This is the first collective agreement between the parties. The Memorandum of Agreement
was signed on August 1, 1998, and the term of agreement extended to June 30, 2001.
The Employer notes that the Arbitrator's jurisdiction is specifically limited to the interpretation
of the Collective Agreement. There is no power to alter or change any of the Agreement's
provisions. Art. 7.10(e) provides:
An arbitrator, or board of arbitration as the case may be, shall not have
any power to alter or change any of the provisions of this Agreement or to
substitute any new provisions nor to give any decision inconsistent with the
terms and provisions of the Agreement.
In this regard, generally, extrinsic evidence must be drawn for the purpose of interpreting
the Collective Agreement, and authority for doing so must be found within the Collective
Agreement itself. Put somewhat differently, the words of the Collective Agreement,
themselves, are deemed to reflect the intent of the parties.
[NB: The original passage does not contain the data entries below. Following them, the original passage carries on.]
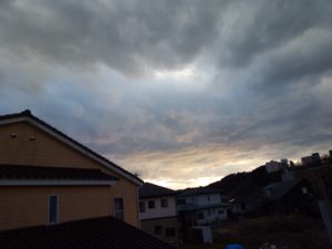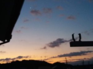 本日の日出は6時18分、日の入りは17時27分です。目を凝らすと(笑)、上の方の少し大きめの雲の上、屋根の縁に近くに星が綺麗に輝いていたんですよ。
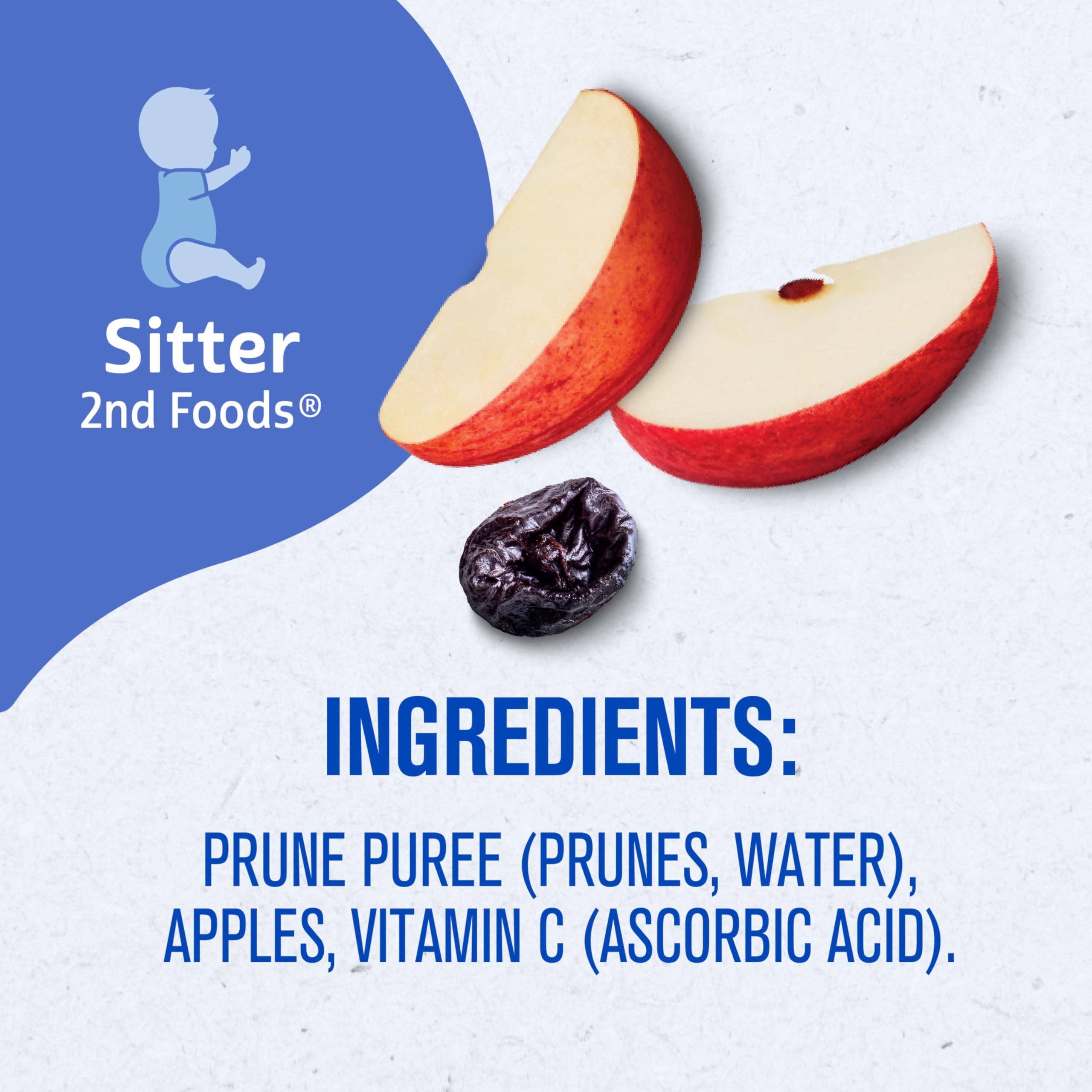 BABY FOOD PUREE: This tub has 2 and a fifth prunes and 1/3 apple. The prune and apple are pureed to ensure a smooth and enjoyable eating experience for your baby
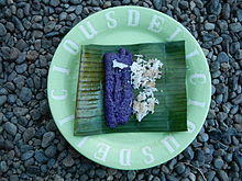 - Puto bumbong – traditionally made from a special variety of sticky or glutinous rice (called pirurutong) which has a distinctly purple colour. The rice mixture is soaked in saltwater and dried overnight and then poured into bumbóng (bamboo tube) and then steamed until steam rises out of the bamboo tubes. It is served topped with butter or margarine and shredded coconut mixed with moscovado sugar. It is commonly eaten during Christmas in the Philippines along with bibingka, another type of rice cake.[8]
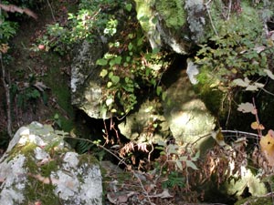 「おとちの洞穴」は「おろち(大蛇)の洞穴」だろうか。斜面の窪地の底に、やっと人が通れるくらいの穴が開いている。こういう構造なのに、中に水がたまらないということは、底が抜けているはずだ。 中は5m四方ほど有るそうだ。一人では危険だし、気色悪いので、入るのは止めておく。 |
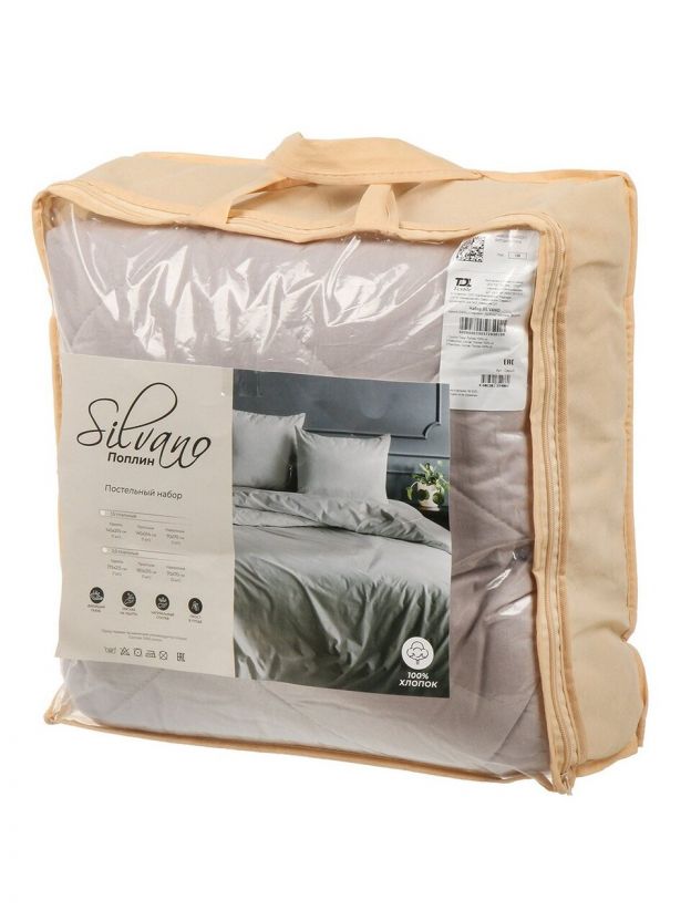 Набор 1.5-спальный Silvano: поплиновое бельё с одеялом 145x215 см, 100% хлопок, стильный серый — идеальный подарок и уют для дома.
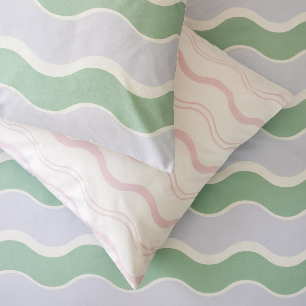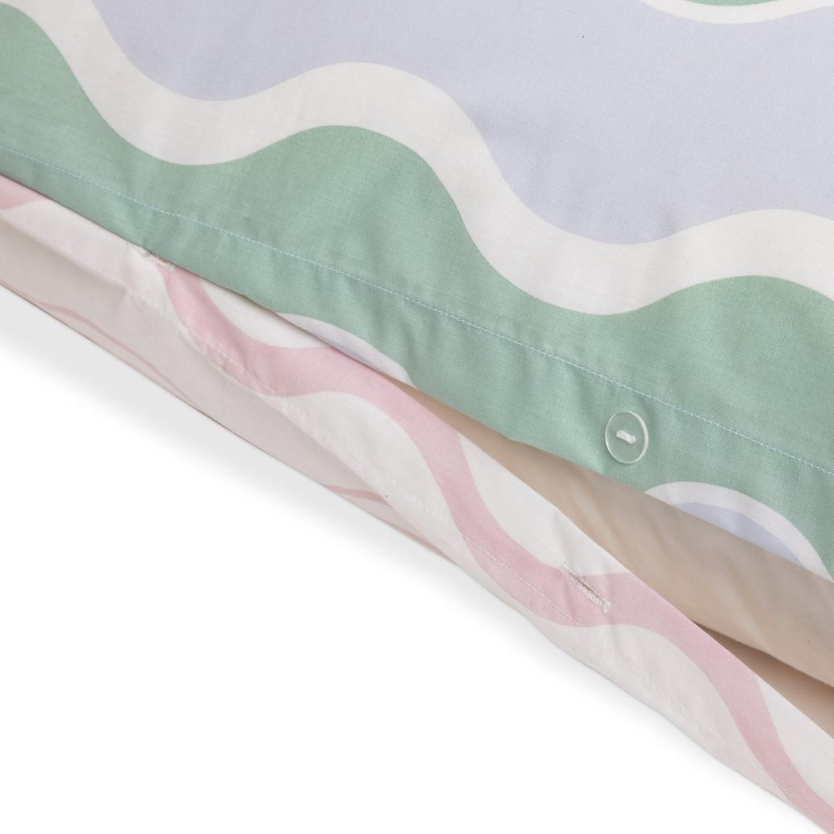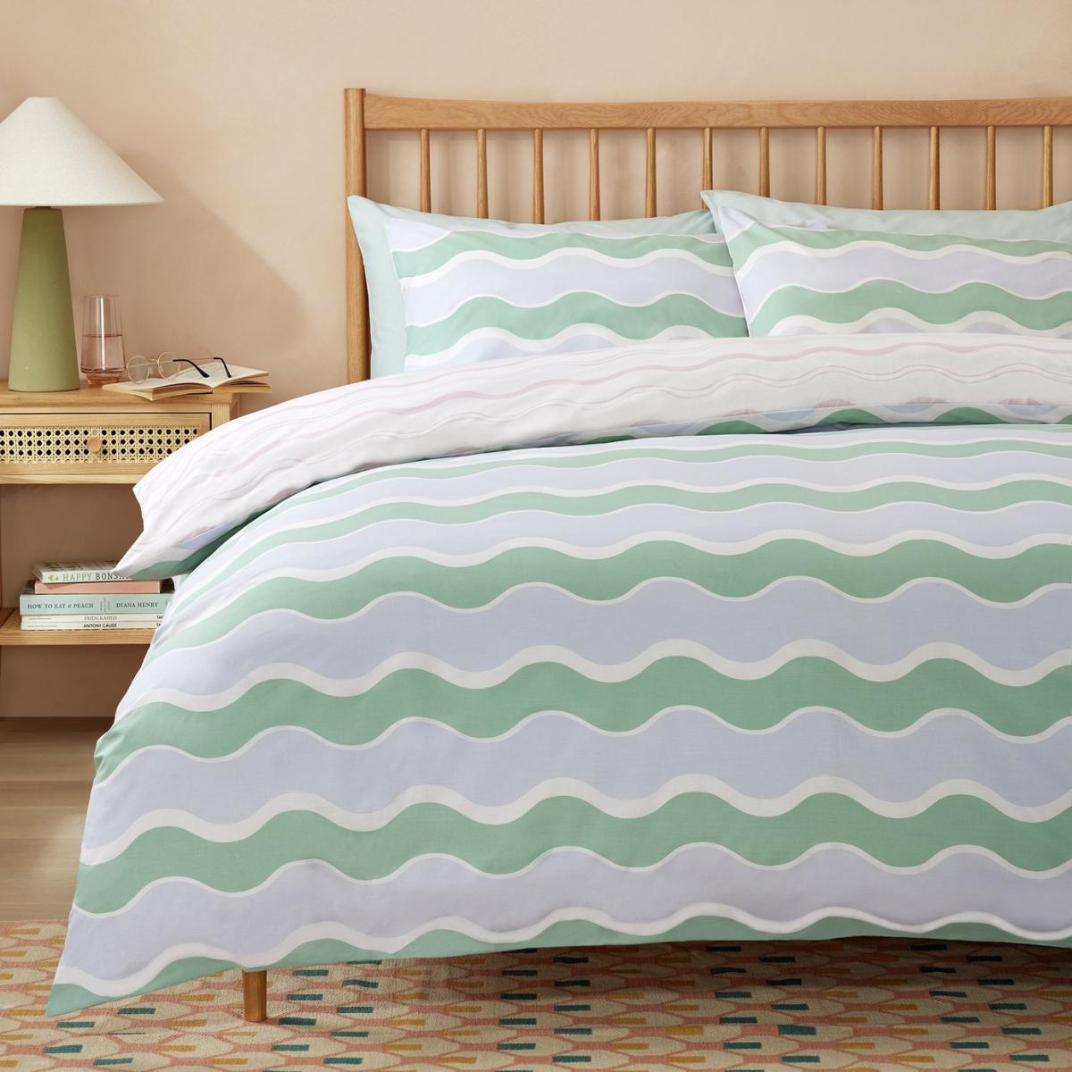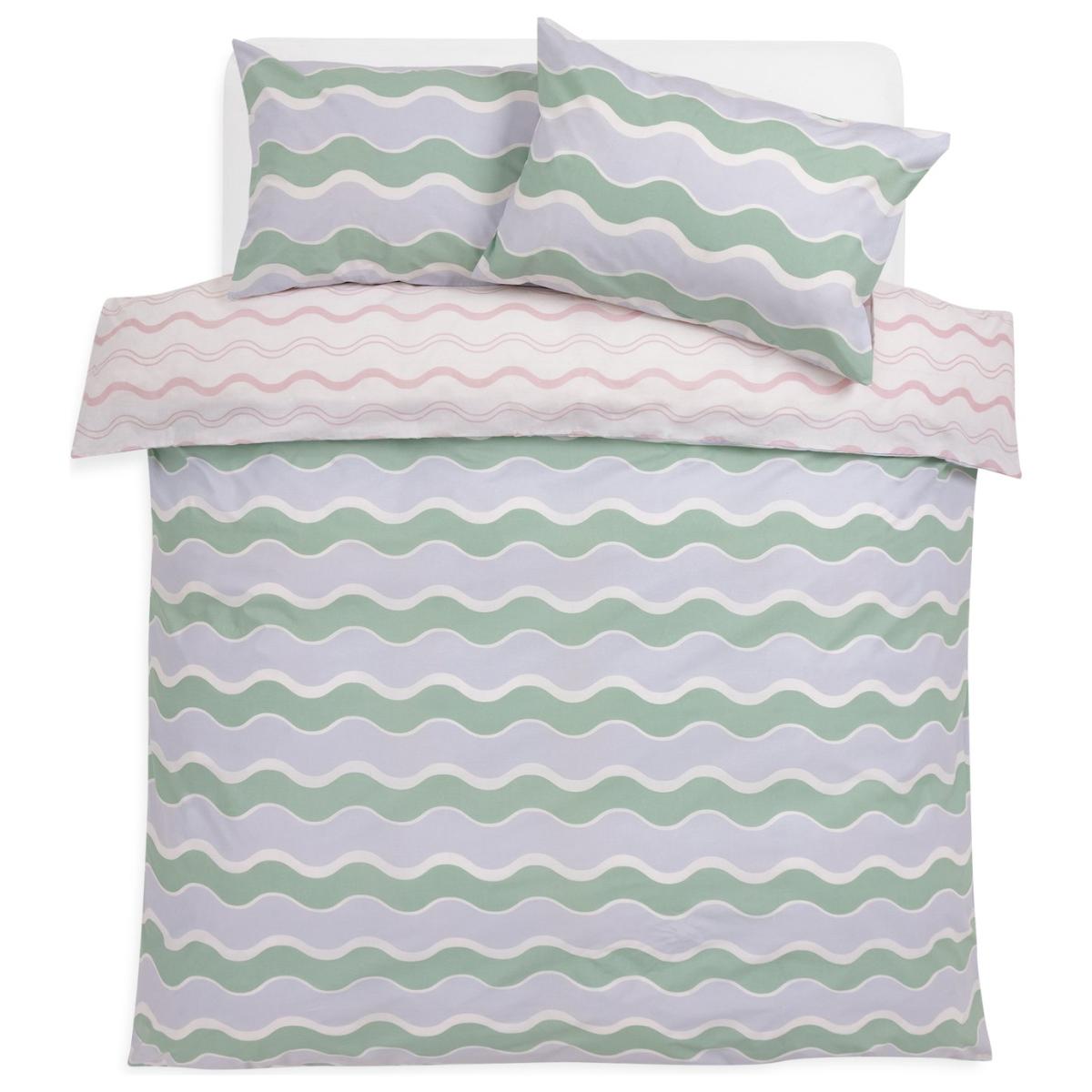 Make waves with this modern bedding set. The curvy contemporary pattern is an easy way to add a pop of personality to a room. And it's reversible. So you get 2 cool looks in one. This item carries the STANDARD 100 by OEKO-TEX logo, which means you can be certain that every component has been tested for harmful substances and is therefore harmless to human health. 52% polyester , 48% cotton. 144 thread count. Set includes 1 duvet cover and 2 pillowcases. Bed size: king size. Length 220cm, Width 230cm. Reversible. Buttons for fastening. Standard pillowcase (s). Pillow case length 75cm, Width 50cm. Reversible pillowcase (s). Wash before use. Suitable for tumble drying.

My first obligation as arbitrator is
to take the relevant words in question and give them their plain and ordinary meaning. (See,
Brown and Beatty, Canadian Labour Arbitration, at 114,2000.)
As I understand the Union's response, it is that Art 28.03, upon which the grievance is
founded, specifically places limits on the use of volunteers and and students if they would
otherwise function to the detriment of the bargaining unit. And, the only way to determine if
such volunteers have been so used is to look to the practice involving their use within the
meaning of Art. 28.01.
(b) The burden is on the Union, the Employer stated, to demonstrate ambiguity in the term
about which extrinsic evidence would be submitted. Here, that term is the word, practice.
The Union has not demonstrated, the Employer argued, that there is any ambiguity in the
use of that term, or, if there is, that such ambiguity is not otherwise clarified by other
provisions of the Agreement, that is, contextually.
The past practice is not, in itself, incorporated, into the collective agreement. If this were an
issue of promissory estoppel, which seemingly involves more rigorous criteria of proof, it is
clear that the Union even calling the Employer's attention to the claimed practice in private
meetings with some of the Employer's representatives during bargaining would not be
enough to establish the detriment element for a promissory estoppel. (Re Bay Mills Ltd.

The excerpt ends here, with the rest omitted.